ぜんち共済社長に聞く、東京海上日動と組んで叶った「障がい者向け保険」の夢

東京海上日動と組んで
障がい者向け保険を開発

――ぜんち共済は2018年から東京海上日動火災保険と組んでいます。少短業者と損害保険会社はもともとビジネス上のつながりがあり近い存在でしたが、商品を共同で開発することはあまり例がありません。

 弊社のお客さまである知的障がいや発達障がいのある人と、そのご家族にとっての不安は、個人賠償の補償額でした。少短の規制では、損害保険商品における保険金の上限額は1000万円に設定されています。障がいのある人のご家族からは、「補償額はこれで足りるの? もし、電車を止めてしまったら……」という不安の声が上がっていました。

 そこで、株主のあいおいニッセイ同和損害保険に相談し、後に東京海上日動に相談しました。結果的に、弊社の「ぜんちのあんしん保険」に上乗せする形で、個人賠償責任保険については東京海上日動が引き受ける形で商品を提供できるようになりました。当社は東京海上日動の代理店という立ち位置になります。

ぜんち共済榎本重秋社長えのもと・しげあき/1965年生まれ。89年AIU保険入社。同社上野支店勤務時に知的障害者補償制度の担当になる。2000年チューリッヒ保険に転職。

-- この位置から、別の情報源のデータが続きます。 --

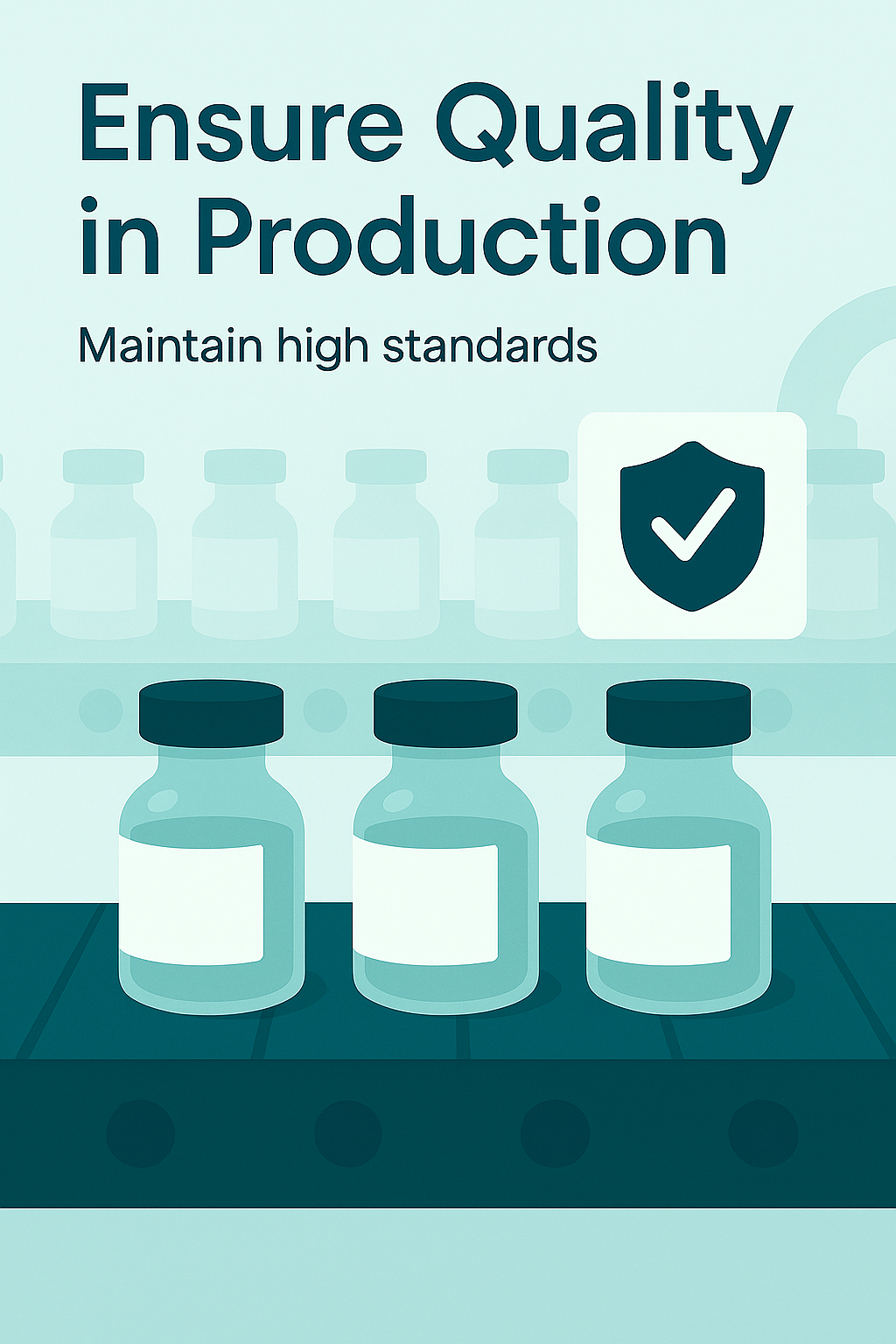/Collection: /by davooda/Type: PNG/Infographic illustrating the importance of quality control in production, featuring bottles on a conveyor belt with a modern design suitable for pharmaceutical or manufacturing contexts.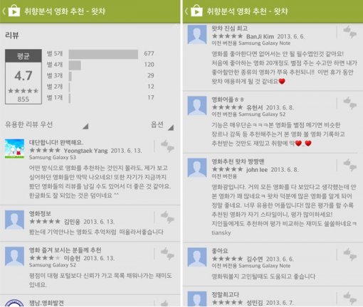 사용자들의 반응은 뜨겁다. 애플 앱스토어와 구글 플레이스토어에 등록된 사용자 리뷰를 보면 ‘영화 추천 앱이 필요했는데 정말 좋다’, ‘이런 서비스를 기다려 왔다. 만족한다’라는 이야기가 많다. 최근에는 ‘왓챠로 영화 별점을 매기는 게 너무 재미있어서 시험 공부를 못 하겠다. 공부를 해야 하니 탈퇴하게 해 달라. 시험을 치르고 나서 다시 가입하겠다’는 메일까지 왔다고 한다. 왓챠의 사용자는 6월 12일을 기준으로 약 19만 명이다.

そのときに知的障害者親の会からの要請を受け、「全国知的障害者共済会」の設立に携わる。06年ぜんち共済設立。08年少額短期保険登録。10年日本少額短期保険協会会長。14年精神障害者等雇用優良企業認証事業委員。17年中小企業家同友会全国協議会 障害者問題委員会副委員長、2019年神奈川県中小企業家同友会副代表理事等を歴任 Photo by Yoshihisa Wada

――大手損保とはもともと関係があったのでしょうか。

 あいおいとは(少短になる前の)共済時代からのお付き合いです。私たちは障がい者の施設で起こる事故にも対応しているのですが、あいおいは施設賠償責任保険の良い商品を持っていましたので、当社はあいおいの代理店になっていました。